# Random motion pirate wheel



## davy2 (Sep 10, 2008)

Hello
I am building a pirate ship wheel for a skeleton, and am trying to figure out a way to make the wheel motion more random than a wiper motor. It does not require much movement, skeleton will be steering. I am not against using a monster guts or fright props motor controller. 
Anyone have recommendations for achieving this movement? 
Thanks for any suggestions!


----------



## JeffHaas (Sep 7, 2010)

You can set up those controllers to turn the wiper motor on and off for different periods of time.

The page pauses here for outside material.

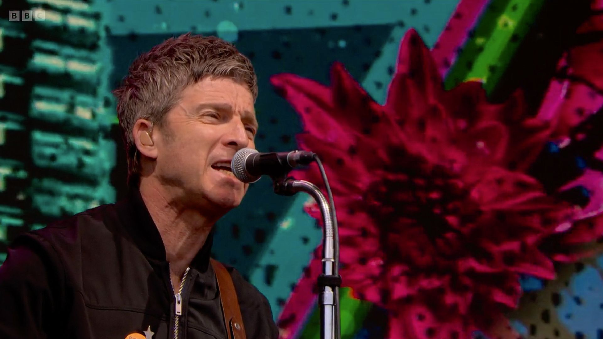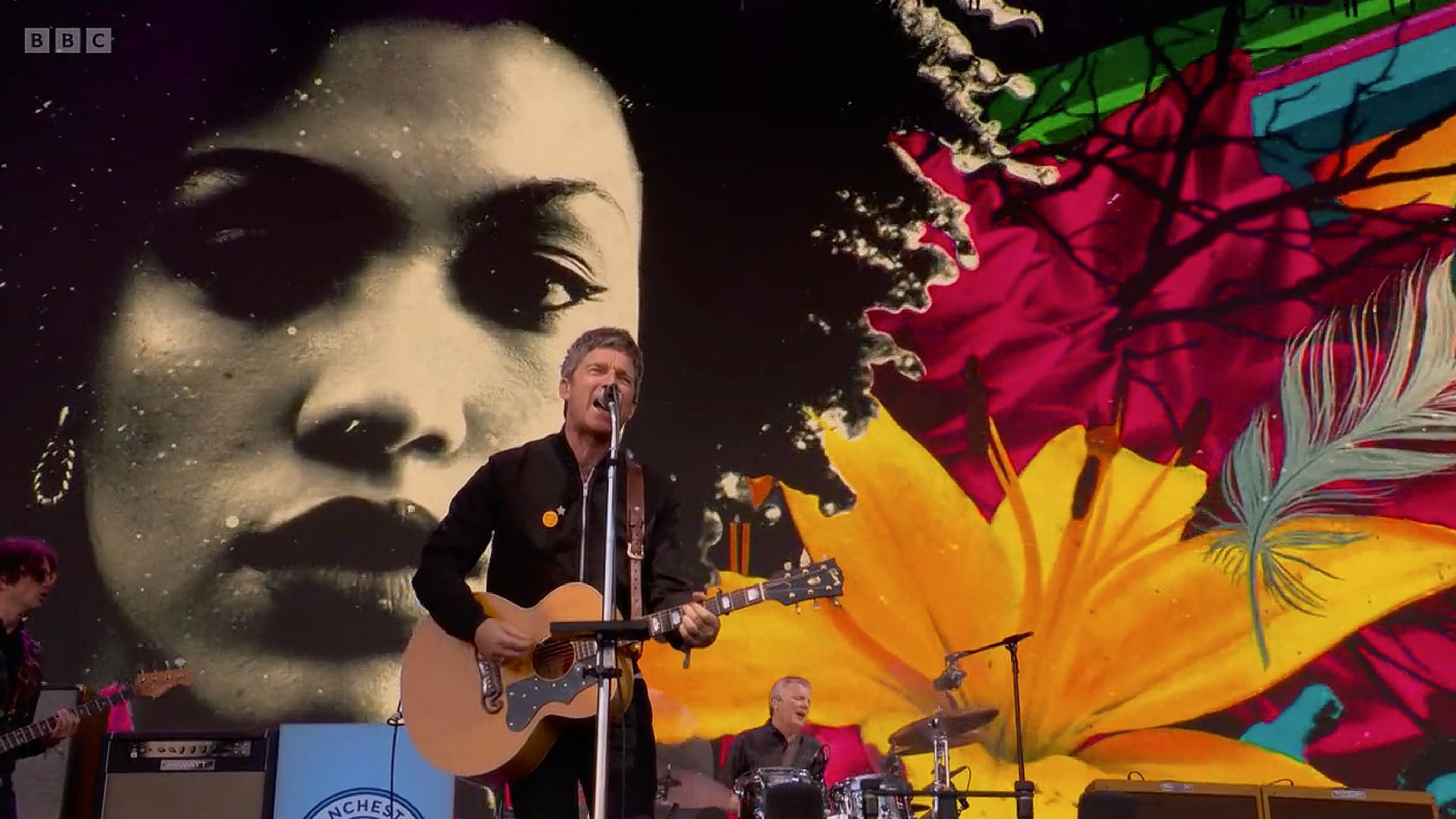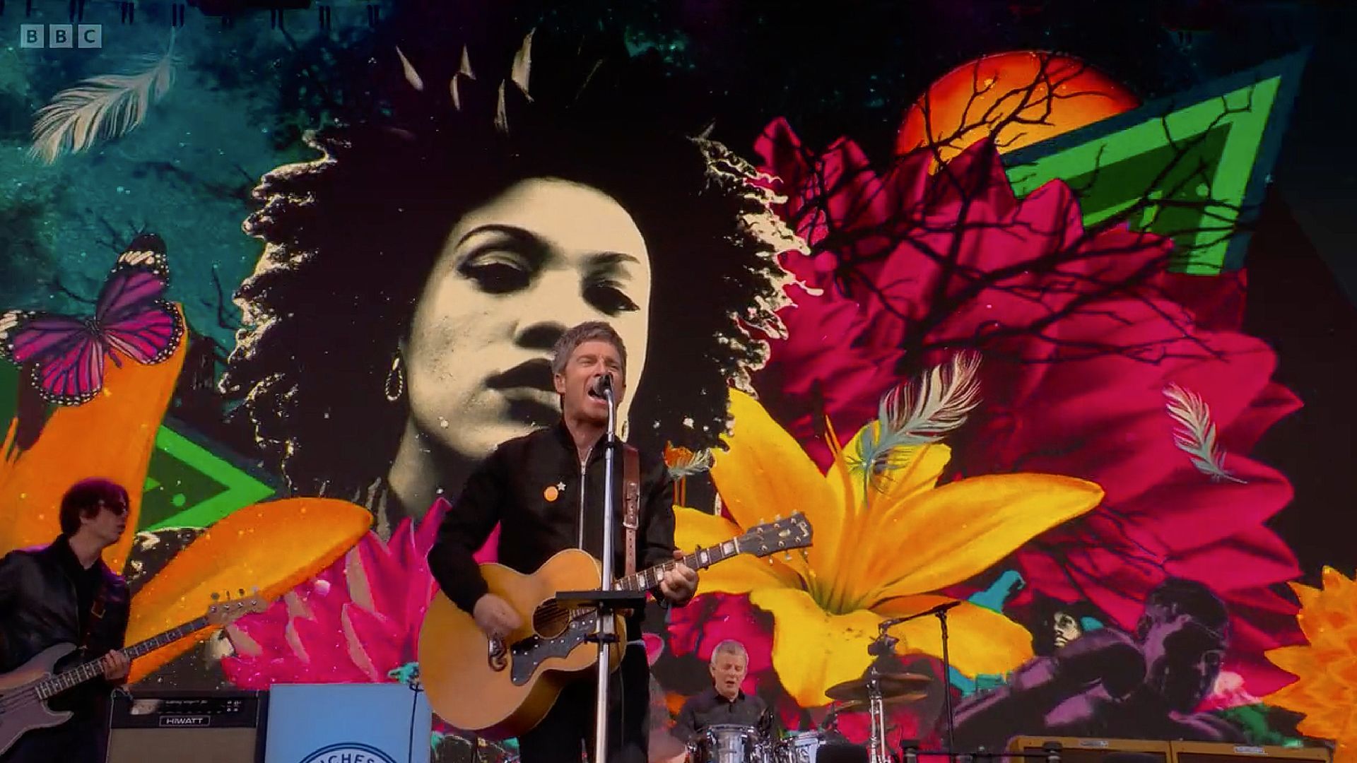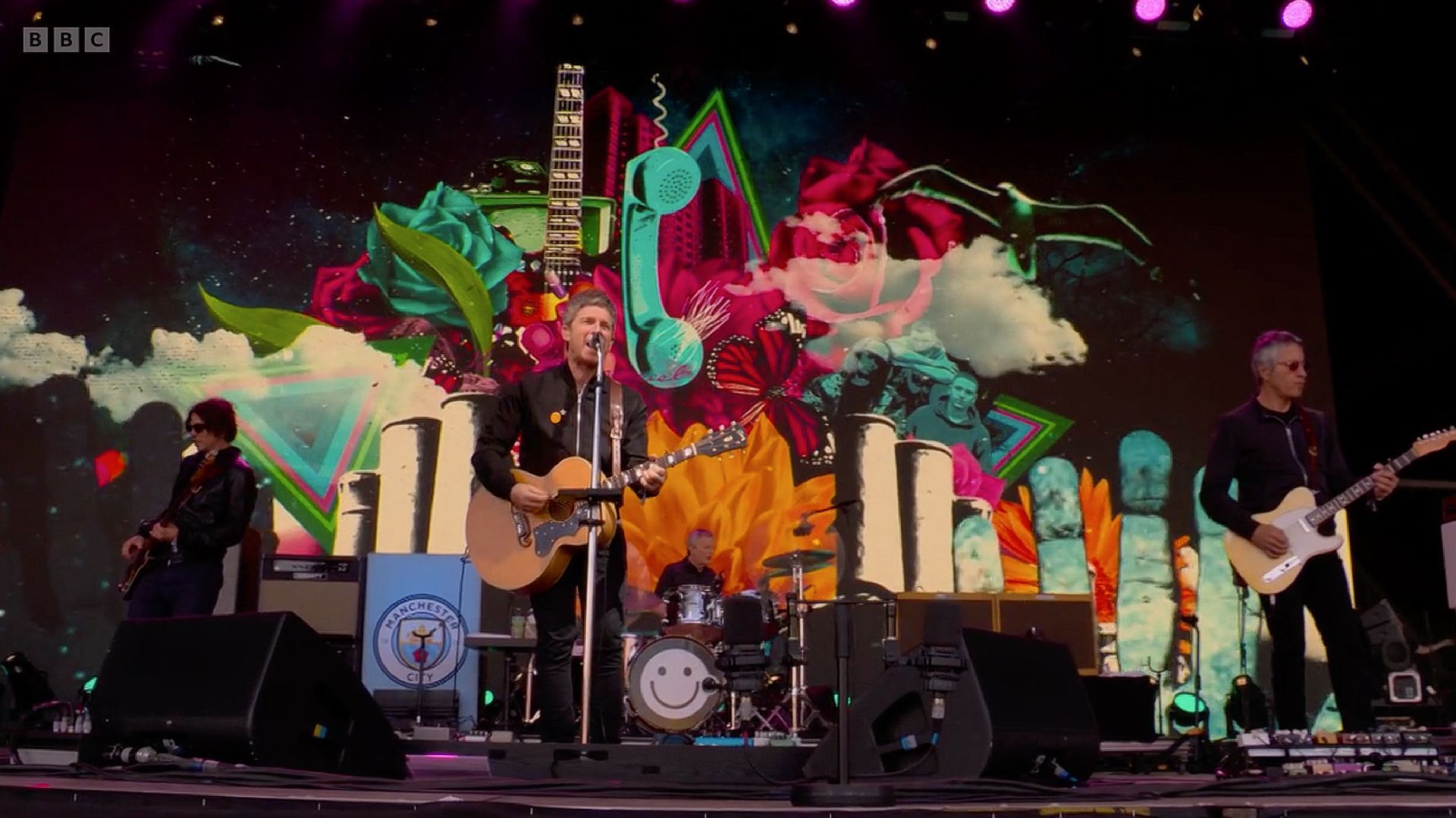 Video screen for Noel Gallagher's High Flying Birds Glastonbury 50th anniversary set on the main pyramid stage. Using a heavy mix of rotoscoped footage, crushed and punked up with analogue mark-marking against ultra punchy neon colours. Projected on Glastonbury's epic 18m x 10m screen. 1 of 8 videos.

I looked at the docs for both the FrightProps PicoBoo and the Monster Guts Nerve Center. I think you want the Picoboo, because you'll want to have the ship's wheel turn both directions, which the Picoboo supports.

Check the Picoboo Jr is docs from this page:
http://www.frightprops.com/controll...lers/picoboo-controllers/picoboo-jr-0691.html

It's designed to be able to control a 12V motor and make it go forward and backward.


----------



## halstaff (Nov 18, 2009)

I put together a cheap circuit to allow my wiper motors to run intermittently. Check out this thread - http://hauntforum.com/showthread.php?t=26120


----------



## davy2 (Sep 10, 2008)

Thanks, Jeff and Hal...I ended up stealing the servo recorder from my gravekeeper (which I won't be using this year), and bought a servocity gearmotor set for a spare servo I have. Gearmotor set results in a very strong servo, the servo recorder playback unit will move the prop in whatever fashion you record it.


----------